As described above, according to one embodiment of the present invention, (a) the bubble diameter is small, (b) it has excellent weather resistance, and (c) there is a risk of contamination, especially even after being stored outdoors. It is possible to provide a polyolefin-based resin non-crosslinked extruded foam and a cushioning material, which are less likely to be contaminated, (d) excellent in cost, production efficiency, recyclability and heat-sealing property, and (e) good in processability. Therefore, one embodiment of the present invention is suitable for a cushioning material for transporting key parts of an automobile whose contamination may lead to a serious defect, a cushioning material attached to a large trolley that can be stored outdoors, and the like. Available.

Claims (7)

It contains a polyolefin resin, a bubble nucleating agent containing a pyrolysis foaming agent and an organic acid (salt), and a hindered amine light stabilizer that satisfies any of the following conditions (a) to (c).
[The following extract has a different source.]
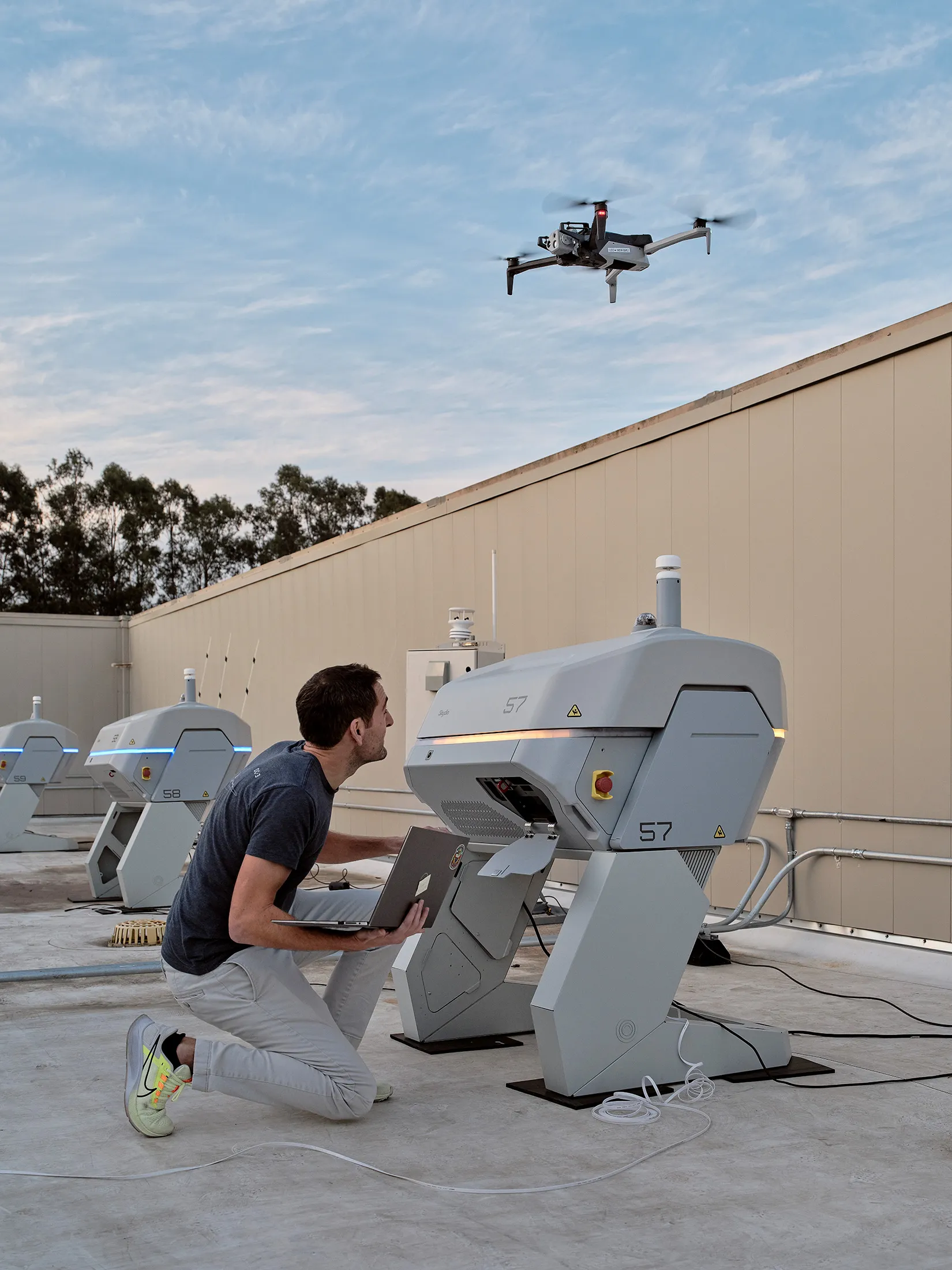 Skydio目前自豪地擁有650家公共安全機構客户,推動其實現九位數的年收入(“增長迅速”)。在2024年9月底於加州聖克魯斯市郊度假村舉行的最新用户大會上,Bry發佈了X10的升級版本,該機型起價12,000美元,最高可達兩倍價格。然而最重大的發佈是Dock——一個兼具機庫與發射台功能的設備,外形酷似太空時代的天井烤架。目前大多數無人機仍需手動起飛。配備電池充電器和可伸縮防雨罩的Dock承諾將改變這一現狀。在紐約市、俄克拉荷馬城和拉斯維加斯的試點項目中,安裝在警察分局和消防站屋頂的Dock使Skydio無人機能在接到911報警後數秒內起飛,在人類救援人員到達前評估潛在危險情況。(Skydio並非唯一預見這一未來的公司,大疆等其他無人機廠商也銷售類似產品。)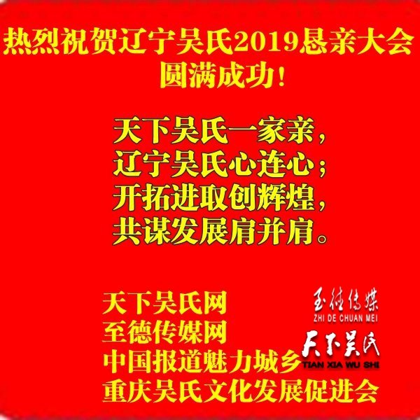 我们衷心祝福2019辽宁吴氏恳亲大会圆满成功!

Polyolefin resin non-crosslinked extruded foam having a foaming ratio of 3 times or more:
Condition (a): The hindered amine-based light stabilizer does not contain or contains one secondary amino group in one molecule, and the content of the hindered amine-based light stabilizer is 100 parts by weight of the polyolefin-based resin. On the other hand, it is 0.001 part by weight to 3.000 parts by weight;
Condition (b): The weight average molecular weight of the hindered amine light stabilizer is 1,500 or less, and the content of the hindered amine light stabilizer is 0.001 weight by weight based on 100 parts by weight of the polyolefin resin. Parts to 3.000 parts by weight;
Condition (c): The hindered amine-based photostabilizer contains two or more secondary amino groups in one molecule, the weight average molecular weight of the hindered amine-based light stabilizer is more than 1,500, and the hindered amine-based photostabilizer is photostable. The content of the agent is 0.001 part by weight to 0.150 part by weight with respect to 100 parts by weight of the polyolefin resin. The polyolefin-based resin non-crosslinked extruded foam according to claim 1, wherein the polyolefin-based resin non-crosslinked extruded foam has an average cell diameter of 100 μm to 600 μm. The polyolefin-based resin non-crosslinked extruded foam according to claim 1 or 2, wherein the polyolefin-based resin non-crosslinked extruded foam has a thickness of 20 to 160 mm. The polyolefin-based resin non-crosslinked extruded foam according to any one of claims 1 to 3, wherein the polyolefin-based resin contains a polyethylene-based resin. The polyolefin-based resin non-crosslinked extruded foam according to claim 4, wherein the polyethylene-based resin contains 50% by weight or more of branched low-density polyethylene in 100% by weight of the polyethylene-based resin. The polyolefin-based resin non-crosslinked extruded foam according to any one of claims 1 to 5, wherein the closed-cell ratio of the polyolefin-based resin non-crosslinked extruded foam is 70% or more. A cushioning material containing the polyolefin-based resin non-crosslinked extruded foam according to any one of claims 1 to 6.